In the recent decision of 1568 Montgomery Highway v. City of Hoover, the Alabama Supreme Court upheld the Alabama Legislature's prohibition of dildos and vibrators, basing this decision on "public morality." More specifically,

In its second counterclaim, Love Stuff asks to have Ala. Code § 13A-12-200.2 (which generally bans the sale of sex toys) deemed unconstitutional.
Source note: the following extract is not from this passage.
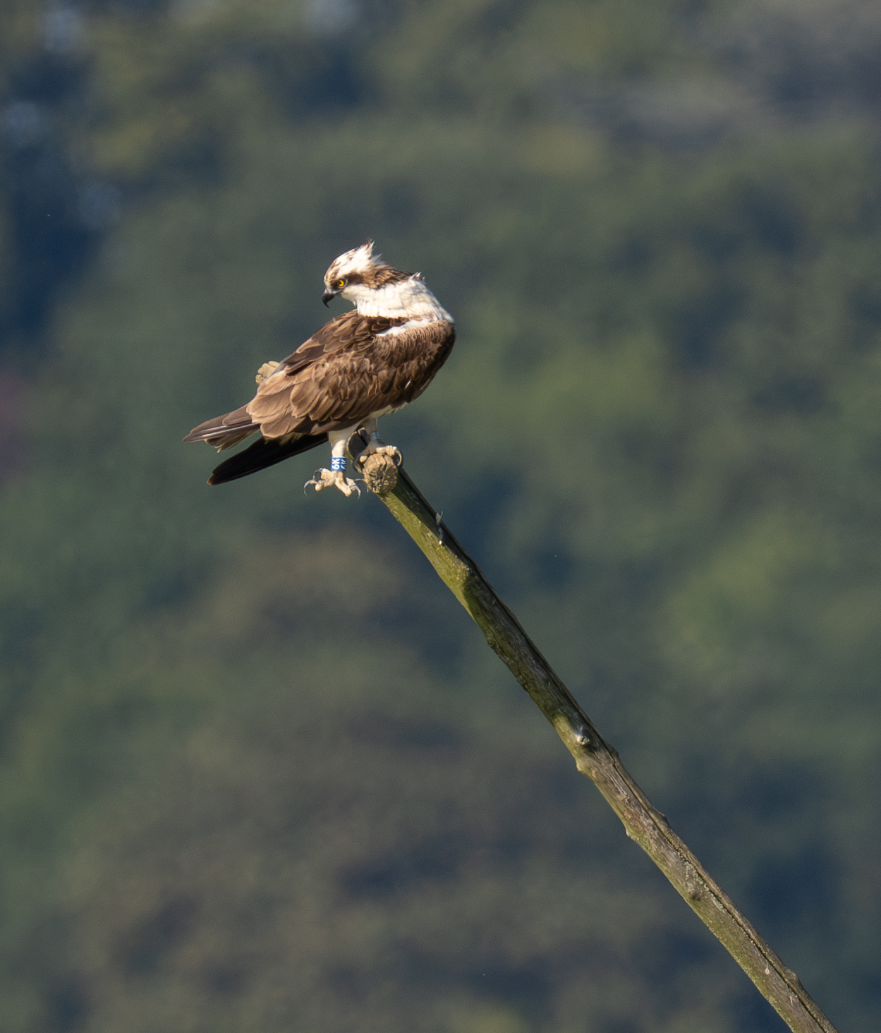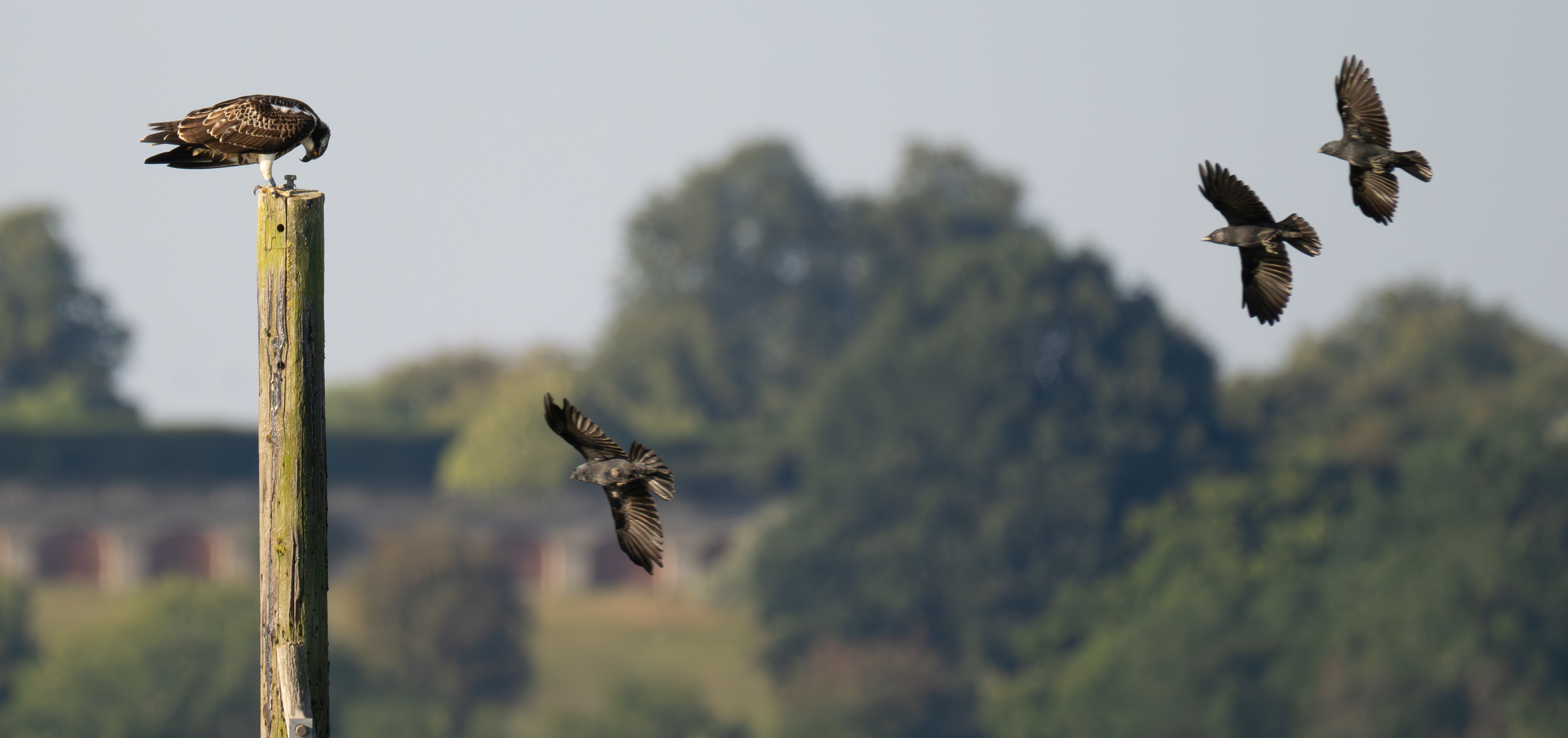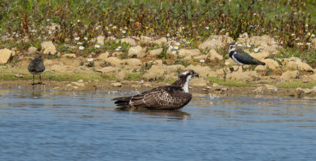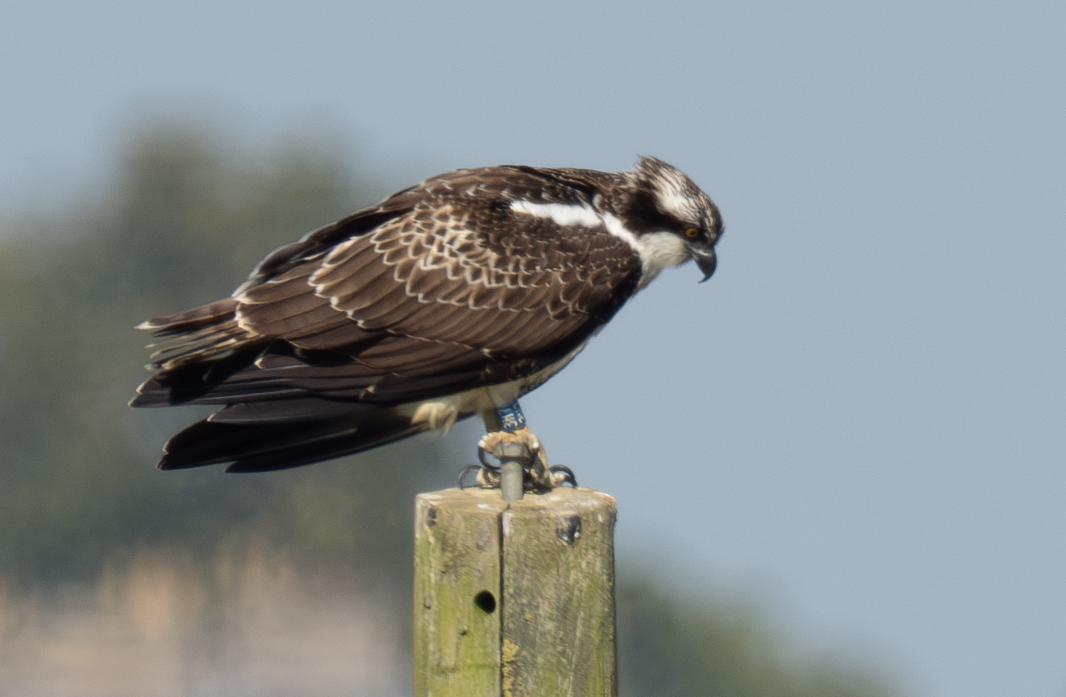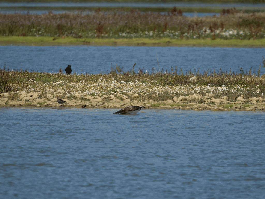 I visited the bird watching centre at Rutland Water this morning. Although the ospreys had already started their migration to West Africa the staff told me an osprey was visible on the platform in lagoon 4 visible from Dunlin Hide. I walked to the hide and immediately saw there were 2 ospreys visible – 1 on the platform (that apparently has never been used as a nest) and one on a pole to the left of the platform. After a while I was able to read the ring numbers – Blue 3H7 ( A 2023 juvenile from the Rutland translocation cohort and Adult 6K (Breeding male in the area but not the parent of 3H7).
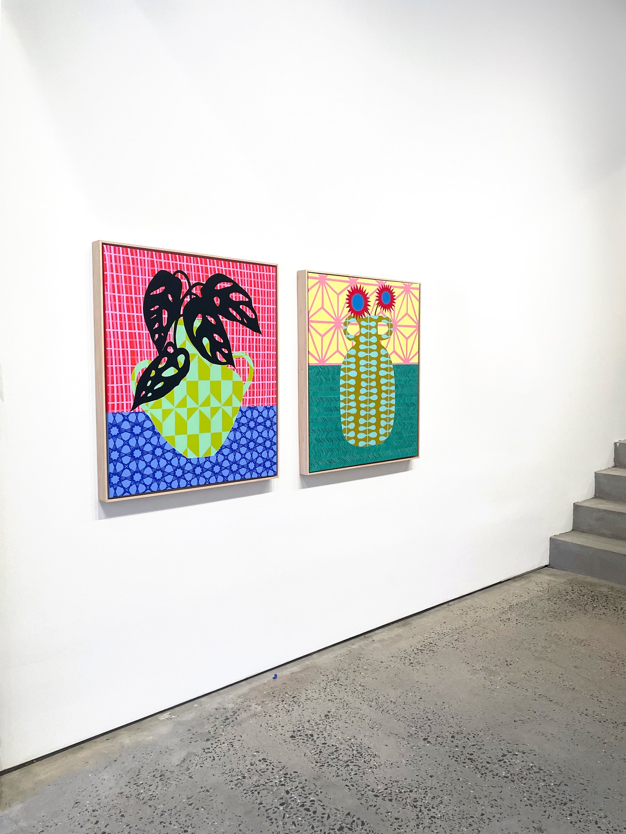 Mary Finlayson’s paintings are a celebration of color, pattern and form which navigate themes of home, memory, and self. Flattening the perspective of each scene, her works provide an intimate glimpse into each curated space. Her interiors pay homage to the iconic works of David Hockney, Henri Matisse, and Stuart Davis by borrowing similar bright color palettes, repetitive patterns and forms simplified, yet still creating complex, tightly constructed compositions unique to her own style.

The trial Court had found that "The target market for Love Stuff [the name of the store in question] consists of females, ages 32-52." The Court held that commercial public sales of devices geared toward masturbation can be prohibited (though the Court suggested that the decision would be otherwise if the devices were handed out gratuitously or if they were sold at private "Tupperwear"-like parties). Geoffrey Stone harshly disagrees with the decision of the Alabama Supreme Court and properly characterizes this as an improper exercise of religion:

[W]hat is it about the use of a vibrator or a dildo that affronts the "public morality"? Why is a person who uses such a device "immoral"? The answer, I submit, turns entirely on religion. The pivotal shift from the world of the classical Greeks to our contemporary world, in this respect, was the advent of Christianity, with its emphasis on sexual pleasure as sinful. Much of this can be traced to Augustine, who reasoned in the fifth century that sexual pleasure was integrally related to Adam's Fall from Grace. Adam's original sin, he argued, had not been one of pride or disobedience, but of sex. Thus, sexual pleasure was born out of evil, and man's best hope for redemption lay in repudiating the sexual impulse and, with it, the burden of guilt inherited from Adam. Sexual pleasure was therefore deemed defiling and shameful.

I agree with Stone's thorough analysis.